Creating positive practice environments to prioritize occupational health (continued)

Unifying health workers and addressing workplace stress in Morocco
The work environment analysis from Morocco as part of the PPE Campaign highlighted the health risks associated with hazardous health workplaces and the stress resulting from work overload—especially within the emergency, maternity, and surgery wards—augmented by lack of resources, recognition, and management support. Motivating health workers and emphasizing their preparedness to better distribute the services provided within catchment areas, health facilities used strategic mapping and planning tools to revise the institutional hierarchies at health facilities. Health workers identified informational and training needs related to OSH and gradually filled the gaps. These same activities achieved both objectives for health worker safety and service quality improvement (Semlali 2010).

Prioritizing sanitation in Kenya
The Work Climate Improvement Initiative in 10 rural facilities piloted by the Ministry of Health in Kenya demonstrated marked improvements in four key areas: patient/health worker relationship; health worker/supervisor relationship; workplace environment; and worker wellness. Notably, simple measures such as regular cleaning of health facilities, handwashing practices, and proper disposal of medical waste were emphasized, and benefited not only the health workers but also their patients (Capacity Project 2009).

Empowering managers to prioritize performance in Uganda
In Uganda, poor working conditions were identified as a major reason for public health worker attrition. Uganda’s health management was decentralized to empower health subdistricts to create healthy work environments, using a participatory approach and an evaluation tool to assess the probability that a hazard would result in injury and the severity of consequences if injury occurred. The evaluation tool assessed risks by location, process, job description, and gender. As a result, facility teams had a common comprehension of the risks identified, and were better positioned to implement local improvements. In addition, the facilities recognized that by reducing occupational hazards and ensuring adequate pay, health workers would no longer be motivated to charge illegal user fees (Matsiko 2010).
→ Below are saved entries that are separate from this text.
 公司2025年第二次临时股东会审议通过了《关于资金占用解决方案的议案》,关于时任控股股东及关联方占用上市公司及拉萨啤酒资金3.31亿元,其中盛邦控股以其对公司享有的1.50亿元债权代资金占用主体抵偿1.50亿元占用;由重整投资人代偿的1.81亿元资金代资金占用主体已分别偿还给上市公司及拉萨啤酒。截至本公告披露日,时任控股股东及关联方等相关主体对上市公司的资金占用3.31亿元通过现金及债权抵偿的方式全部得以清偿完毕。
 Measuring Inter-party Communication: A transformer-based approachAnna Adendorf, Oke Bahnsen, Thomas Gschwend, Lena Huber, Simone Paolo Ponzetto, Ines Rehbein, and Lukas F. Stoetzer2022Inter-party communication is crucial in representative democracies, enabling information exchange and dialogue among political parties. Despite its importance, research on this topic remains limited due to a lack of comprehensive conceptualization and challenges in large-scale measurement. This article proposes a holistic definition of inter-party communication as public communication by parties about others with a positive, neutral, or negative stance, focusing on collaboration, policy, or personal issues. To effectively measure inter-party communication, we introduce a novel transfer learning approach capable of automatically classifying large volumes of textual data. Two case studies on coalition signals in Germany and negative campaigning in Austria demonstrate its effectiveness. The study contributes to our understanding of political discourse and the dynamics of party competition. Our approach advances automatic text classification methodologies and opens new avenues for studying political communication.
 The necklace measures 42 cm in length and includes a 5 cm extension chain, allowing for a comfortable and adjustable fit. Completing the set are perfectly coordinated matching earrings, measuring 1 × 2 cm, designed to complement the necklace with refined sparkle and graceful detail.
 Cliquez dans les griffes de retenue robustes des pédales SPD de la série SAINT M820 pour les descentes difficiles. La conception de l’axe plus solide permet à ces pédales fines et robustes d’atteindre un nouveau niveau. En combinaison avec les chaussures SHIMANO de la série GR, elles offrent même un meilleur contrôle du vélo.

Instituting personal and professional accountability for safer work environments in Zambia
In Zambia prior to the PPE Campaign, high levels of health worker migration, low preservice enrollment, and economic hardship contributed to the “vicious cycle” of poor health worker safety. Occupational risks had increased as protective work clothing was removed from the health budget. Health workers were burdened with unreasonable workloads due to staff shortages, and often faced physical or psychological violence from managers and patients (Ngulube 2011). Under the PPE Campaign, health workers were empowered with standards for personal accountability (e.g., committing to excellence and honesty), professional accountability (e.g., participating in standard-setting, performance measurement, and knowledge of good safety practices), and system accountability (e.g., achieving better supply management, supervisory systems, and health worker retention schemes). The results observed at the organizational level were so compelling that the national strategic health plan for 2011-2015 prominently featured human resources for health as a central component (ibid.).